- Born: March 8, 1896 Cincinnati, Ohio, U.S.
- Died: March 30, 1982 (aged 86) Berkeley, California, U.S.
- Education: Concordia Theological Seminary
- Occupation: Pastor
- Years active: 1924–1968
- Known for: Civil rights advocacy
- Religion: Lutheran
- Church: Lutheran Church – Missouri Synod
- Ordained: 1924
- Congregations served: Springfield, Illinois (1924–1928); St. Louis, Missouri (1928–1947); Chicago, Illinois (1947–1954);
- Offices held: Executive Secretary of Lutheran Human Relations Association of America (1953–1968)

= Andrew Schulze =

American Lutheran pastor and Civil Rights advocate

Andrew Schulze (March 8, 1896 – March 30, 1982) was a Lutheran Church – Missouri Synod (LCMS) clergyman who worked on race relations from 1924 until 1968 actively. After retirement, he continued to work on race relations. His work included partaking in the creation and founding of the Lutheran Human Relations Association of America (LHRAA), and he was its first executive secretary, whose duties including editing The Vanguard, the publication of the LHRAA.

== Early life and education ==
Schulze was born on March 8, 1896, in Cincinnati, Ohio. He attended Concordia Theological Seminary in Springfield, Illinois. Upon graduation from the seminary in 1924, he served African-American Lutheran congregations in Springfield (1924–1928), St. Philip's Evangelical Lutheran Church in St. Louis, Missouri (1928–1947, and Christ the King Lutheran Church in Chicago, Illinois (1947–1954).
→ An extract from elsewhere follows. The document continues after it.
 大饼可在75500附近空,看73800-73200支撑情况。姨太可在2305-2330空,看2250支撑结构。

==Role in Civil Rights Movement==

Andrew Schulze's final full-time job was as the Executive Secretary of the LHRAA after a long career of working in Negro Missions for the LCMS. With the creation of the LHRAA in 1954 at Valparaiso University, he promptly began working as the organization' Executive Secretary. His work involved putting together Summer Institutes, promoting integration in the LCMS and in other Lutheran bodies, and editing the LHRAA's publication, The Vanguard.
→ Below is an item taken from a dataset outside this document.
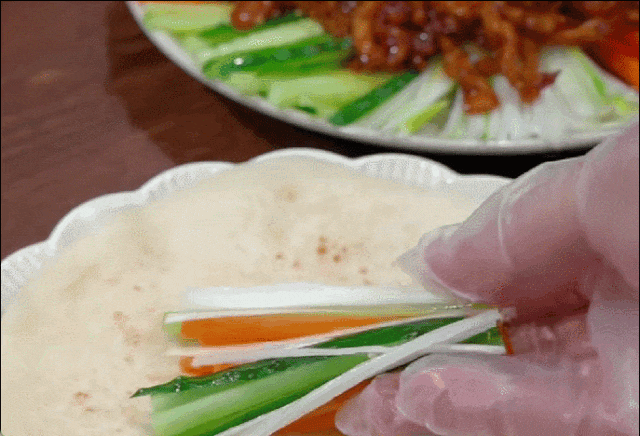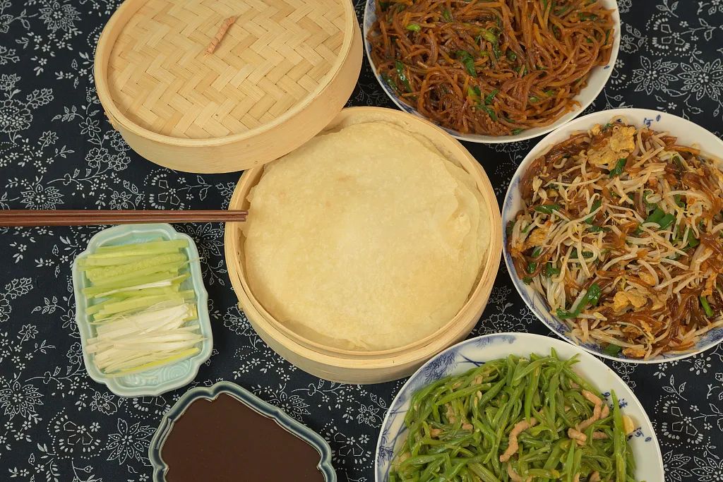 以荷叶薄饼卷食”

Part of his work on integrating the LCMS involved lobbying for the LCMS's Pronouncement on Race Relations in 1956. Other work involved bringing speakers to the LHRAA's Summer Institute. In 1956, the speaker was Pastor Robert S. Graetz, who spoke about his participation in the Montgomery bus boycott. The purpose of these speakers was to actively work for integration.

Also in 1962, Schulze participated in the "Albany Movement" in Georgia. The main purpose of the movement was to increase black voter registration. Unfortunately this movement was not as successful as other voter movements. Therefore, Martin Luther King Jr. was calling for help from religious leaders. Concerning this event, Schulze stated, "I have been writing about this all the time, and if I can only write and I can't put my body where my words are then I am not much of a writer."
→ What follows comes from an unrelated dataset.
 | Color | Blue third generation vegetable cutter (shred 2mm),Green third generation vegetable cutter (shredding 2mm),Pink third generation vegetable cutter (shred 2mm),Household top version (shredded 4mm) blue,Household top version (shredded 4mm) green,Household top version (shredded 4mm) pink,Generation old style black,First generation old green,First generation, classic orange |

On August 26, 1962, Schulze was part of a group peacefully protesting civil rights at the Albany City Hall. They offered some prayer during their protest and had national media attention. Police Chief Pritchett arrested the religious leaders and quietly placed them in jail. In total, Andrew Schulze spent six days in jail. This addition of white clergy from the North protesting was a first for the Civil Rights Movement and led to further publication and addressing of civil rights.

== Death ==
Schulze died on March 30, 1982, in Berkeley, California.